SUPPLIED MATERIAL:
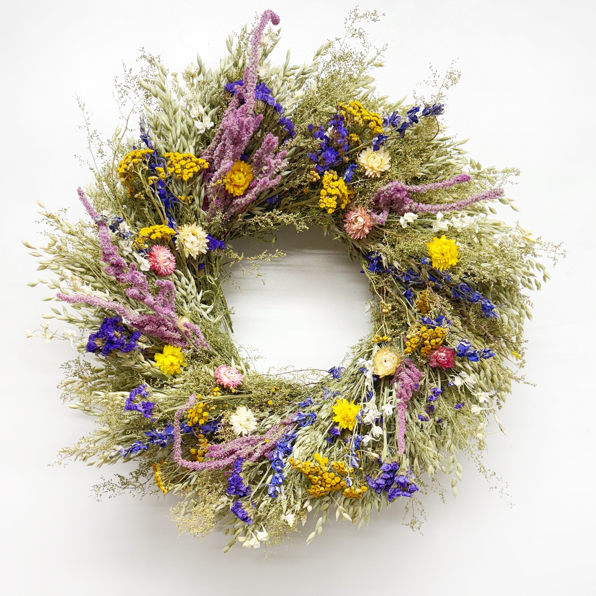 A colorful dried wreath handcrafted from avena oats, sweet annie, blue and white larkspur, rattail and sinuata statice in pinks and purples, accented with delicate pastel strawflowers—bringing a touch of wildflower charm to any space.
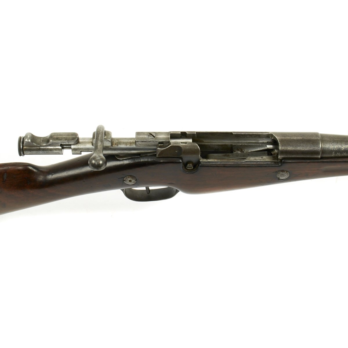 The Berthier Carbine was introduced as this much needed Cavalry replacement for the Lebel. The Berthier design began as the "Mousquetons Berthier" - a series of bolt-action cavalry and artillery carbines with distinctly different actions from the Mle 1886/M93 8mm Lebel rifle. For instance, the Berthier carbine's bolt lugs lock vertically into the receiver instead of horizontally as in the Lebel rifle. Berthier carbines were first issued in 1890 and 1892, and had been designed by Emile Berthier, an engineer at the French Algerian Railways,to be used with standard 8mm Lebel ammunition.
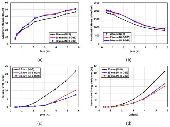 The hysteresis moment-rotation response of the connections with different bolt diameters is shown in Figure 26. Three bolts diameters of 20 mm, 25 mm, and 30 mm were considered to determine the influence of the bolt diameter on the performance of the connection. In general, the hysteresis moment-rotation response appeared to be improved with increasing the bolt diameter. Figure 27 shows the results of the moment capacity, rotational stiffness, residual drift, and cumulative energy dissipation for three bolt diameters. These results indicated that increasing the bolt diameter from 20 mm to 25 mm, improved the moment capacity and rotational stiffness by 11% and 7%, respectively, whereas similar behavior was observed for the connections with 25-mm and 30-mm bolt diameters. Nevertheless, the connections with 20-mm and 25-mm bolt diameters showed insignificant variations in the residual drifts and cumulative energy dissipation, whereas the 20-mm bolt diameter resulted in considerable residual drift and cumulative energy dissipation by 40% and 42%, respectively compared to the other diameters. It can be concluded that there is an optimum bolt diameter to achieve the best performance, which was 25 mm in this case, beyond which insignificant improvement can be attained.
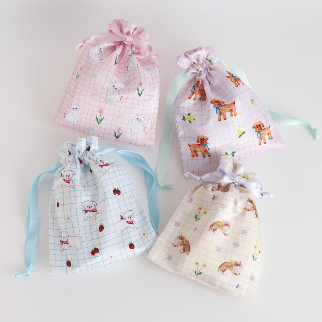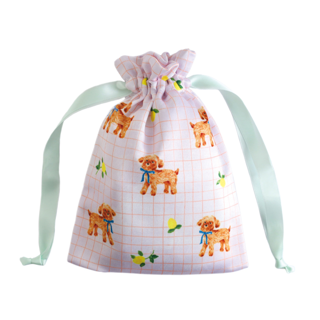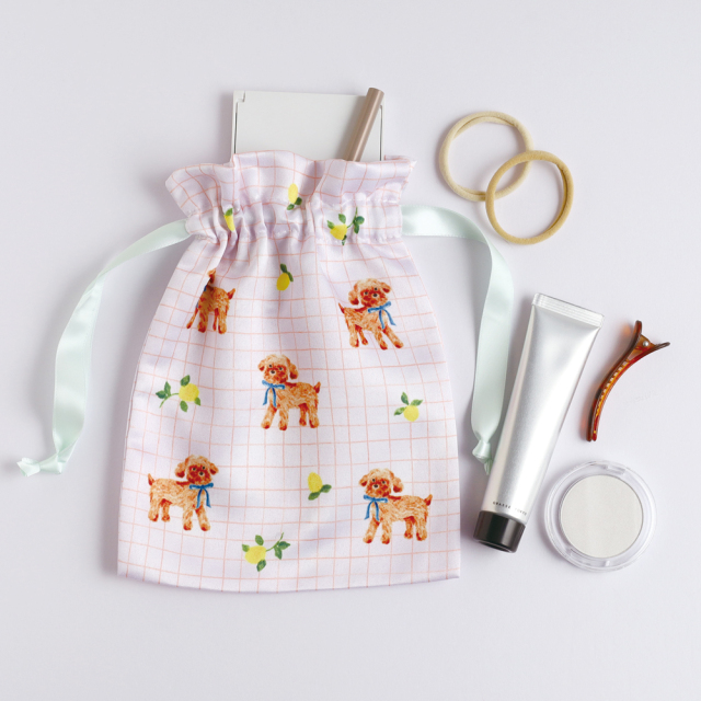 コスメやモバイルアクセサリーなどの小物をまとめるのにちょうどいいサイズ感の巾着です。

PROMPT: The response should reproduce all the material above exactly and leave out its pictures.

OUTPUT OF THE EXERCISE:
 A colorful dried wreath handcrafted from avena oats, sweet annie, blue and white larkspur, rattail and sinuata statice in pinks and purples, accented with delicate pastel strawflowers—bringing a touch of wildflower charm to any space.
 The Berthier Carbine was introduced as this much needed Cavalry replacement for the Lebel. The Berthier design began as the "Mousquetons Berthier" - a series of bolt-action cavalry and artillery carbines with distinctly different actions from the Mle 1886/M93 8mm Lebel rifle. For instance, the Berthier carbine's bolt lugs lock vertically into the receiver instead of horizontally as in the Lebel rifle. Berthier carbines were first issued in 1890 and 1892, and had been designed by Emile Berthier, an engineer at the French Algerian Railways,to be used with standard 8mm Lebel ammunition.
 The hysteresis moment-rotation response of the connections with different bolt diameters is shown in Figure 26. Three bolts diameters of 20 mm, 25 mm, and 30 mm were considered to determine the influence of the bolt diameter on the performance of the connection. In general, the hysteresis moment-rotation response appeared to be improved with increasing the bolt diameter. Figure 27 shows the results of the moment capacity, rotational stiffness, residual drift, and cumulative energy dissipation for three bolt diameters. These results indicated that increasing the bolt diameter from 20 mm to 25 mm, improved the moment capacity and rotational stiffness by 11% and 7%, respectively, whereas similar behavior was observed for the connections with 25-mm and 30-mm bolt diameters. Nevertheless, the connections with 20-mm and 25-mm bolt diameters showed insignificant variations in the residual drifts and cumulative energy dissipation, whereas the 20-mm bolt diameter resulted in considerable residual drift and cumulative energy dissipation by 40% and 42%, respectively compared to the other diameters. It can be concluded that there is an optimum bolt diameter to achieve the best performance, which was 25 mm in this case, beyond which insignificant improvement can be attained.
 コスメやモバイルアクセサリーなどの小物をまとめるのにちょうどいいサイズ感の巾着です。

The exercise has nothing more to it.